John Boehner wakes up in his English basement apartment on Capitol Hill, his head still in a merlot fog.

It’s a glorious autumn morning, but Boehner doesn’t want to open his baby blues. He lies there, in his “Man of the House” T-shirt and Augusta National gym shorts.

He wishes he didn’t have to go to work. He reaches for his Camel Ultra Lights in his supposedly smoke-free apartment.

“Oh, Lord,” he growls. “How did I become that idiot Newt?”

He takes a deep drag as he drags himself out of bed.

“My whole career was about not becoming Newt,” he mutters. “You’d think our getting bounced from the leadership in ‘98, in the backlash after the last shutdown, and then the Clinton impeachment, would have taught me something.”

He dresses with his usual care. He’s not going to let the press pests, with their cheap haircuts and bad ties, see that he’s down.

“People call me the Dean Martin of D.C., and I’m certainly getting roasted,” he tells his image in the mirror, perfectly knotting his sea-green tie on a crisply ironed shirt.

“Old Dino was from Ohio, too.”

The security detail picks up Boehner in an SUV, and, as usual, he heads to Pete’s Diner for breakfast.

The congressman who grew up in the Rust Belt with 11 siblings, mopping up his dad’s bar, likes his perks and loves being The Speaker.
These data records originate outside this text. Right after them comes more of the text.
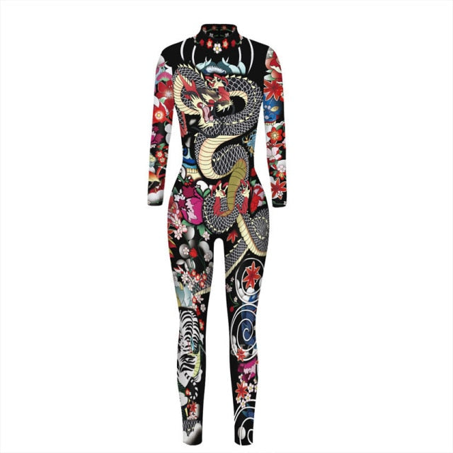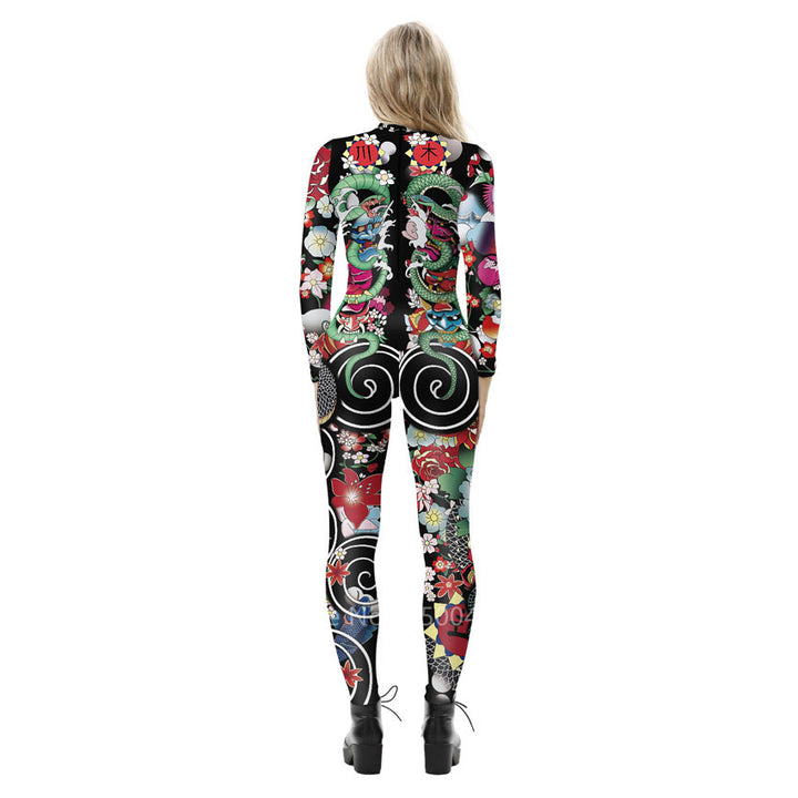 Japanischer Schädel Halloween Cosplay Kostüm Frauen Männer Overall Unterwelt Tattoo Ethnisches Drachenskelett Totem Geisha Zentai Outfits
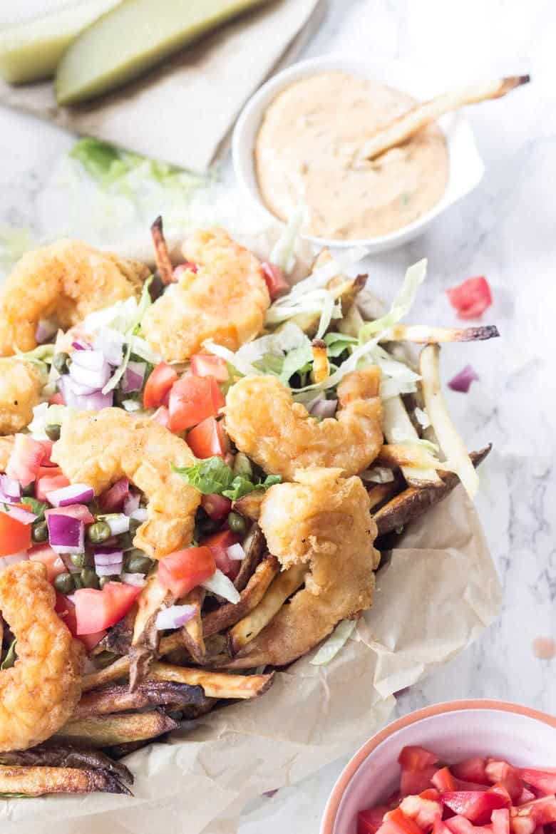 And what happens when you top said fries with the classic shrimp po’boy toppings?? Well, you end up with one glorious meal that’s what. Let me just clarify that no, this recipe is in no way healthy but it is HEALTHIER than grabbing a vegetable oil laden po’boy sandwich from your local diner in town. Yes, much healthier. So we’re going with it. Join me?
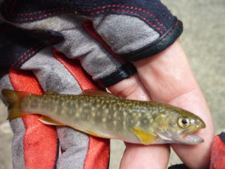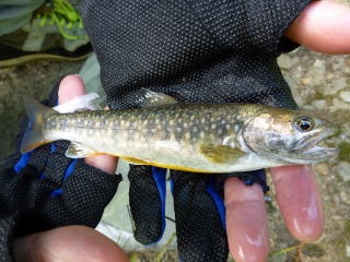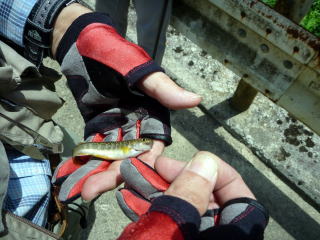 | 再び移動するも、車内に入り込んだアブを退治するのにも一苦労だ。 次は未だに語り草となっている「とっちんの幻の40センチポイント」を紹介してもらった。 噂ではとっちんが道路の上から堰堤の落込みで40センチのイワナを掛けたが、大きすぎて上がらないので2mの上から飛び降りてタモに収めようとしたが、掛けたイワナに両足の周りを廻られて、仕掛けを切られ逃げられたということらしい。 そのポイントに着いてみると落込みにはコンクリートブロックがしっかりと並べられており、ガックリとした。 それでも何とかポイントを探して竿を出してみると、すぐにアタリがあった。 釣れてきたのは小さなアマゴだった。もう一度流すと今度は18cmほどのアマゴが釣れてきた。何れもハリを飲み込まれていたし、道路の上から竿を出していたので直ぐに外してリリースした為、写真を撮り忘れてしまった。 これを見ていた遅ちゃんもやる気が出てきたようで、堰堤の上に降りて竿を出し始めた。そして手のひらサイズのイワナをGETしてニッコリしていた。 |
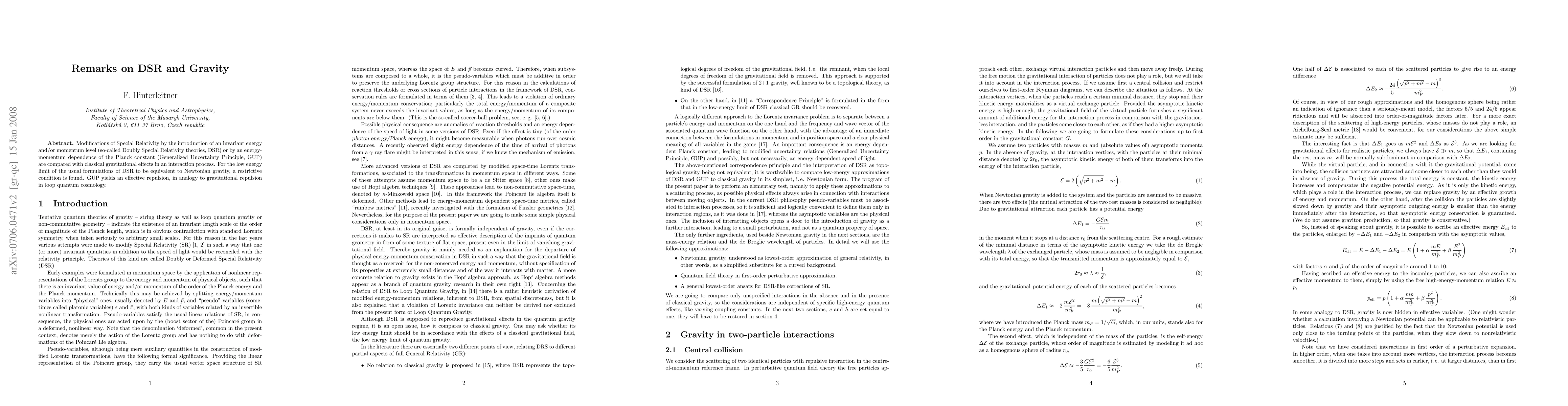 This paper compares modifications of Special Relativity, such as Doubly Special Relativity (DSR) and Generalized Uncertainty Principle (GUP), with classical gravitational effects in interaction processes. It finds a restrictive condition for DSR to be equivalent to Newtonian gravity in low energy limits and notes that GUP produces an effective repulsion similar to gravitational repulsion in loop quantum cosmology.
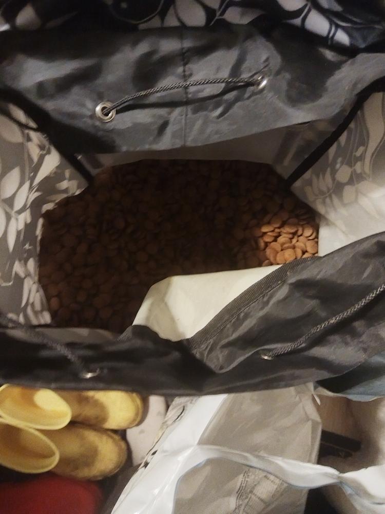 Мешок оказался большой, не входил в сумку. Как ни запихивала. Поэтому пришлось его вскрыть прямо на пункте и большую часть высыпаться в сумку, а уже сверху положить сам мешок с небольшими остатками корма. Только что переспала все обратно. Завтра начну уже прдмешивать и давать новый корм Максу. Кирилл, ещё раз огромное спасибо за такой подарок!!!

But as he picks at his sausage, eggs and rye toast, his head aches.

“Boy, I really gotta start wondering if it’s worth it,” he muses. “I’m being led around by the nose by goofballs like Michele Bachmann, Ted Cruz and Louie Gohmert when all I wanna do is wield my really big gavel — right on the heads of a couple of these ding-dongs. I enjoyed it a heckuva lot more when the Big Ted in the Senate was Kennedy. Me and Teddy, doing No Child Left Behind with No Wine Left Behind. Ha! That Washington has been snuffed out.”

He gulps his coffee.

“I’m so tired of Obama,” he keens to himself. “The president says he wishes he had Kevin Spacey to deal with. Well, so do I. I’ve been here for 22 years and that cat acts like I don’t know what I’m doing.”

He scans Politico.

“As if things weren’t bad enough, Harry Reid’s office leaked these emails to show what a hypocrite I was for raising hell about Congress’ special subsidy for health insurance this week after he and I had wheeled and dealed to keep the darn thing,” he rumbles. “I can’t stand Harry, but you gotta admire his methods. That’s how they do it in Vegas, baby. While I was hoping Democrats would slip on a banana peel, Harry labeled us banana Republicans.”

The phone rings. It’s Eric Cantor, in his oleaginous Richmond drawl, assuring Boehner that if the speaker wants to defy the tea party and make a deal with the Democrats, Cantor will be behind him all the way.

Ending the call as he leaves the diner, Boehner cracks to a member of his security detail, “Hey, pal, pull the knife out of my back.”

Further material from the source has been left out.